Yesterday I discussed the precedent-setting marriage of Capt. James Smithwick in 1800. He appears to have died just ten years later, leaving his wife with two small children. Fortunately, her sister died in 1813. That meant the widow Smithwick could move her small family in with her widowed brother-in-law, looking after the house while he provided for everyone. The eldest of all the young cousins, Edward Kavanagh, eventually represented Maine in Congress. (This picture of him comes courtesy of the Maine Historical Society.)
Capt. Smithwick’s mother, Mary Lobb, died before 1817. Another item from the Massachusetts court records gives us a glimpse of her last years.
In her will Lobb had left one of her properties to a seven-year-old grandson, Francis Campbell Smithwick, specifying that the tenant, William Jordan, would be his guardian and manage the property for his benefit until he turned twenty-one.
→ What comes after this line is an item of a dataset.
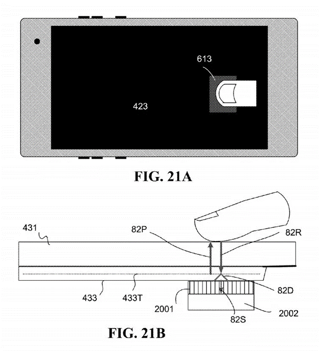 FIG.21A 和 FIG.21B 從俯視和側(cè)視兩個(gè)角度說(shuō)明了指紋識(shí)別傳感器放置的地方。

Jordan then came up with deeds showing that Lobb had signed the same property over to him after that will. He now owned it outright, he said. And that was a step too far. Some of the boy’s relatives sued Jordan. The lead plaintiff was another grandson—also named James Smithwick, just to make my searches more confusing.
The court decided that Mary Lobb had shown “evidence of extreme old age, and habits of intoxication.” The deeds were therefore void, her “extreme old age and imbecility having been taken advantage of, by the pretended grantee.” The court removed Jordan as the child’s guardian and created a “trust estate” instead.
And that ends my gossip about James Smithwick and Mary Lobb.